Josh menggelengkan kepalanya kuat-kuat. "Aku kecewa padamu, Ra. Sungguh. Dan sekarang dengarkan aku. Aku tahu kau sedih dan kesedihanmu membuat kau menderita. Aku mengerti kau tidak bisa mengucap syukur atas apa yang terjadi Mamamu. Tapi, Ra, kau bisa mengucap syukur atas hal-hal lain."

"Seperti?"

"Kau harus bersyukur kalau sampai hari ini Mamamu masih mendapatkan perawatan terbaik dari dokter. Banyak orang-orang yang punya penyakit lebih parah dari Mamamu tidak bisa mendapatkan perawatan yang seharusnya mereka dapatkan. Kau juga harus bersyukur kalau sampai hari ini Papamu masih setia merawat Mamamu dan meninggalkan pekerjaannya untuk sementara waktu. Banyak suami-suami meninggalkan istrinya yang sakit dengan suster yang digaji. Itu menunjukkan betapa sayangnya Papamu pada Mamamu dengan keadaannya yang seperti itu. Kau juga harus bersyukur bahwa saudara-saudaramu ada disekitarmu untuk menolongmu kuat menghadapi ini semua. Nah?"

Aku cuma terdiam. Bahasaku menguap. Aku kehilangan kata-kata. Tapi justru ketika aku kehilangan kata-kata itulah, jiwaku kembali. Ada secercah rasa hangat yang menyinari hatiku yang sempat membeku. Dan tangan Tuhan seperti menjamahku. Begitu hangat dan nyaman. Lalu, aku merasa, besok pagi matahari akan bersinar lebih cerah dari biasanya dalam hatiku setelah mendung itu berangsur-angsur pergi. Dan kudengar suara Tuhan berkata padaku, "AKU disini, Ra, meneteskan air mata bersamamu."
*****
Kenyataannya aku berhasil bertahan sampai minggu keempat. Hari ini wajah Mama terlihat lebih segar meskipun ia sulit bergerak dan berbicara. Selang mengerikan yang menancap di kepalanya sudah dilepas dan itu membuat ia tampak lebih Mama. Yang jelas Mama sudah dapat bereaksi terhadap sekelilingnya. Ia bahkan sudah bisa menggodaku tentang Josh. Ade yang mengatakannya. Tapi aku menikmati godaannya. Meskipun itu diucapkan dengan kata-kata yang tidak jelas.

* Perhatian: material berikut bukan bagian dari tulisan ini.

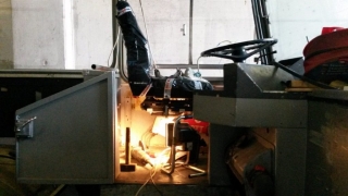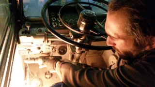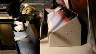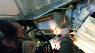 Das Cockpit haben wir überarbeitet. Die Fahrerkabine und noch verbleibende Haltestangen haben wir entfernt. Temporär, um den Arbeiten nicht im Weg zu sein, steht auch der Fahrersitz auf der Ersatzbank neben dem Bus. Das alte Hammerschlag-Grau der Cockpit-Armatur ist einem Seidenmatt-Schwarz gewichen.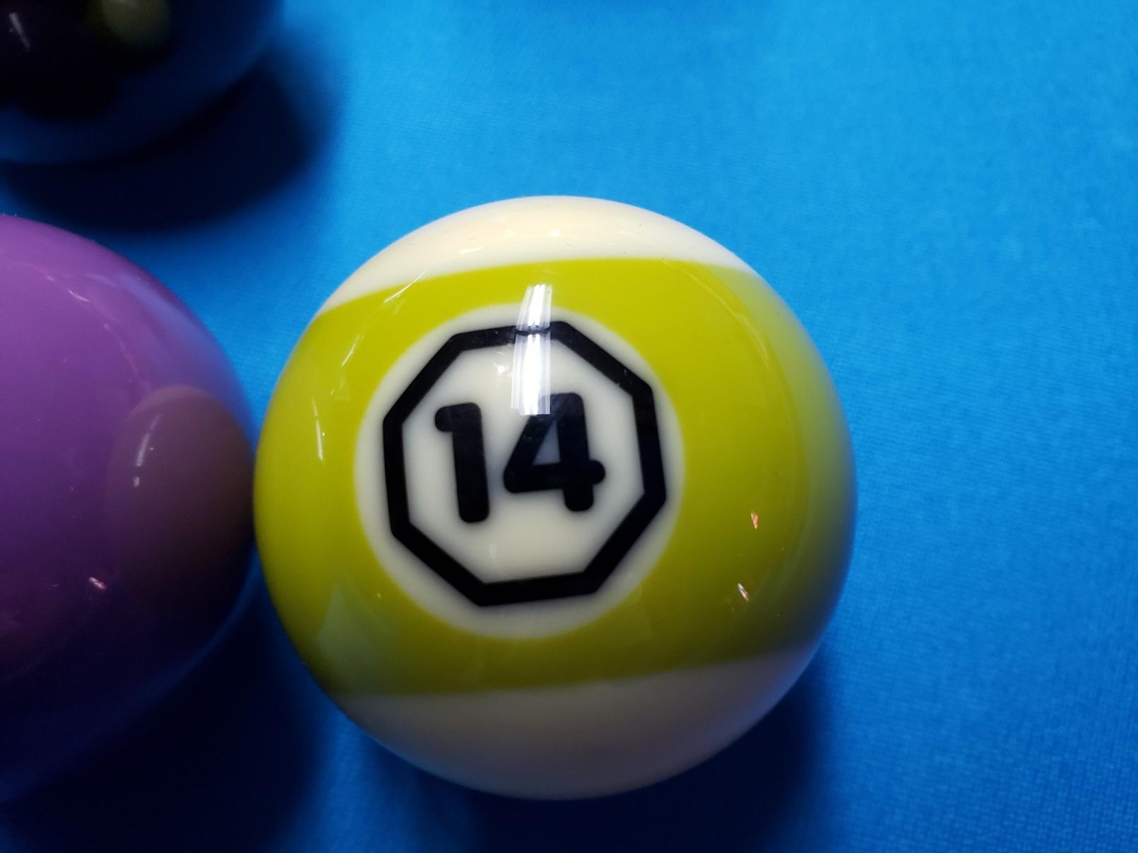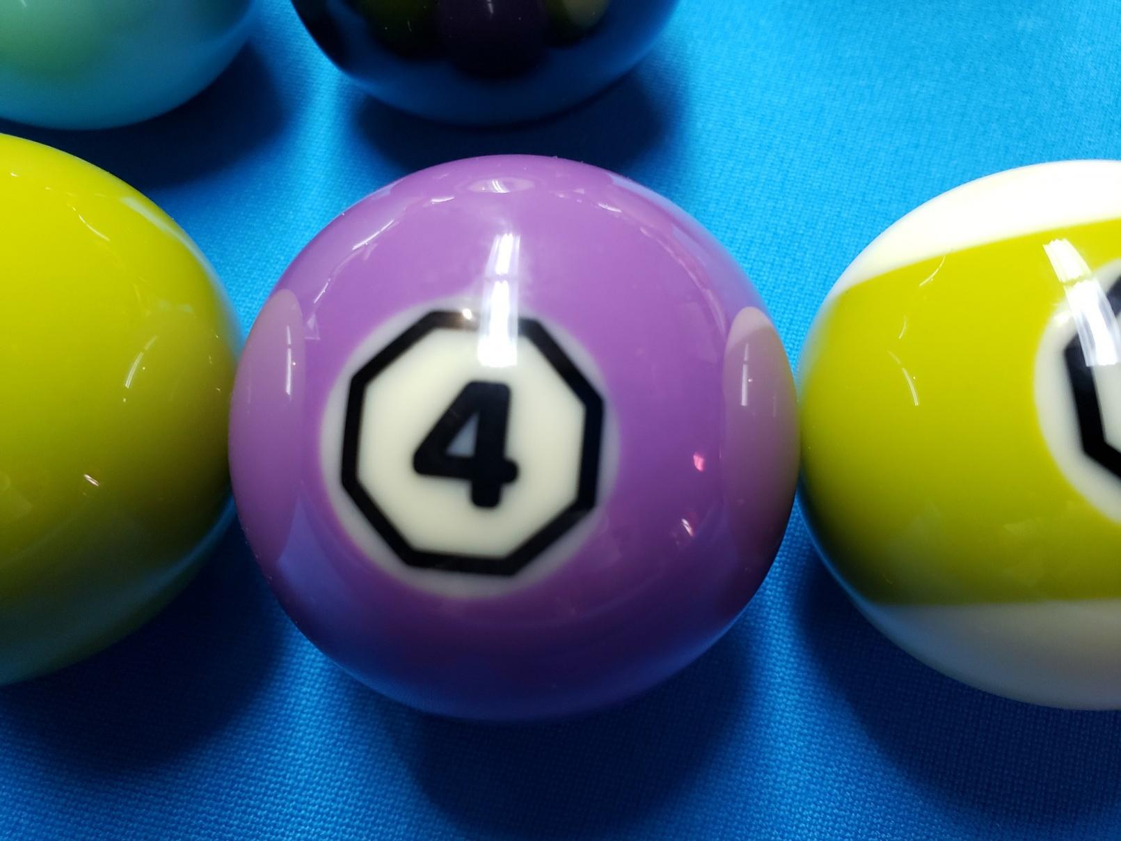 Beautiful immaculately maintained home table and cloth are far more impressive to me than the balls! The big numbered money balls look a little tacky, but as they are thrown in extra, you can't complain. I'm not crazy about the cue ball with both circular and square shaped red spots on it.

Aku malu mengakuinya, tapi harus kuakui aku belajar banyak dari ini semua. Kusadari betapa bodohnya aku selama ini. Kupikir aku orang yang paling menderita di dunia. Kupikir aku orang yang sudah meneteskan air mata yang dapat membuat sungai meluap selama ini. Dan kupikir aku tidak munafik dengan segala hal yang sudah kulakukan. Tapi aku cuma satu dari para penggerutu itu. Yang tidak tahu terima kasih atas semua yang sudah diberikan.

Saat kutoleh kebelakang. Aku menyadari banyak yang sudah Tuhan berikan untukku dan kulupakan. Dan betapa konyolnya tiap suku kata yang aku ucapkan waktu itu. Kini, air mataku kering sudah. Yang aku miliki sekarang cuma harapan dan doa. Aku percaya dengan doa segala sesuatu yang menakjubkan dapat terjadi. Dan dengan harapanlah, kekuatan itu muncul karena manusia bisa hidup dengan harapan-harapan yang dimilikinya.

Satu lagi. Aku lupa mengatakan ini pada Josh. Ia sudah mengajarkan aku arti cinta dan kepercayaan. Bahwa ketika aku percaya, sesuatu yang tak mungkin bisa menjadi mungkin. Dan cinta menjadi kekuatan untuk itu - untuk tetap berdiri meskipun badai hebat melanda. Lebih dari itu, aku yakin akan hal ini. Josh cuma salah satu dari sekian banyak anugerah Tuhan yang dikirim lewat cinta antara jiwa seorang laki-laki dan hati seorang perempuan.

Dan kemudian kugoreskan seuntai pengalaman itu di langit-langit hatiku. Terkadang, hanya dengan penderitaanlah manusia belajar bergantung kepada Tuhan dan melalui kepahitanlah, manusia diajarkan untuk menjadi dewasa. Di lain waktu, Tuhan memang membiarkan hati kita terkoyak dan terluka supaya kita mengundang-Nya datang untuk mengobati luka itu dan mengeringkannya dengan cinta-Nya.

Kali ini, biarkan aku menangis dengan rasa syukur.

ps: Untuk seseorang yang sudah dikirim Tuhan untukku justru di saat-saat aku goyah - buat cinta dan kepedulian yang sudah aku terima. Kepadanya kupersembahkan tulisan ini.